** Opening DATA EXTRACT block **

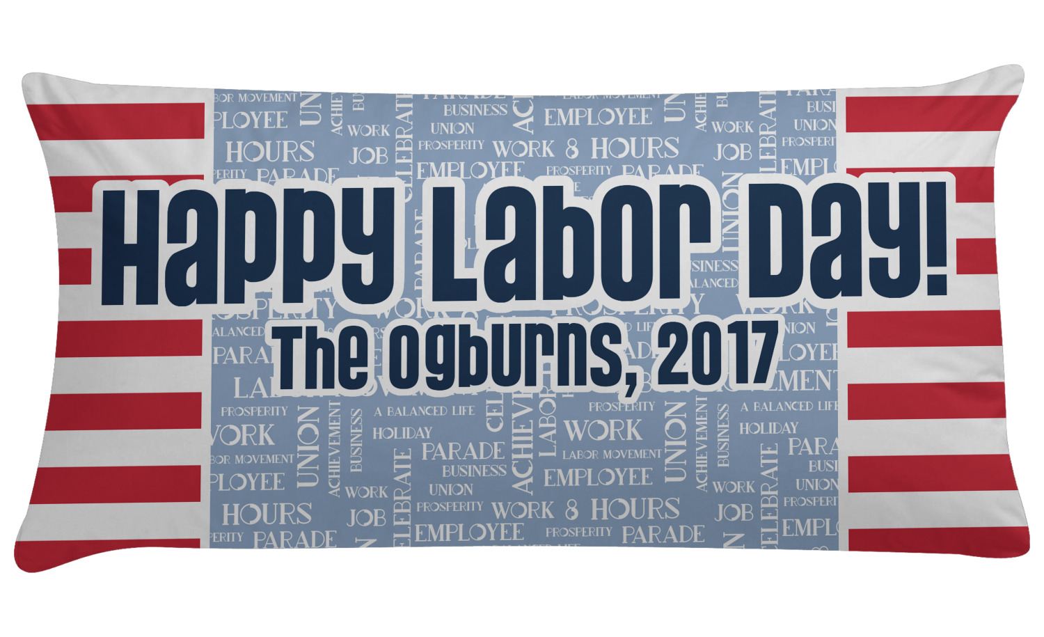 This Labor Design is a fun bright red and a subtle light blue, with white accenting all around. A red and white striped pattern is used, as well as a light blue pattern with a white word cloud on it. The word cloud pattern is a combination of themed words having to do with Labor Day, like "work," "prosperity," and "Labor Day." The red and white striped pattern is used on either side of the word cloud pattern, creating a three-part design.
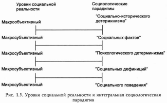 Значение этой модели в том, что она позволяет, во-первых, установить реальные взаимосвязи между различными уровнями социальной реальности (рис. 1.5), во-вторых, служит основанием классификации изучаемых явлений, в-третьих, требует применения соответствующей этим явлениям методики и техники.[1,с. 87]
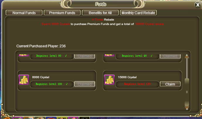 level 100 normal and premium funds yet, but as i open my funds tab, it says that it was already "claimed". I hope r2 will really do something about this.
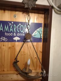 coppia di applique rustiche in stile medievale di ferro battuto e lampadario sempre in stile

** Closing DATA EXTRACT block **

EXERCISE REQUIREMENTS :: Only the lines from the one containing "level 100 normal" through the last line of the data above, both included, belong in the reply, each restated exactly and without pictures.

TASK RESPONSE ::
 level 100 normal and premium funds yet, but as i open my funds tab, it says that it was already "claimed". I hope r2 will really do something about this.
 coppia di applique rustiche in stile medievale di ferro battuto e lampadario sempre in stile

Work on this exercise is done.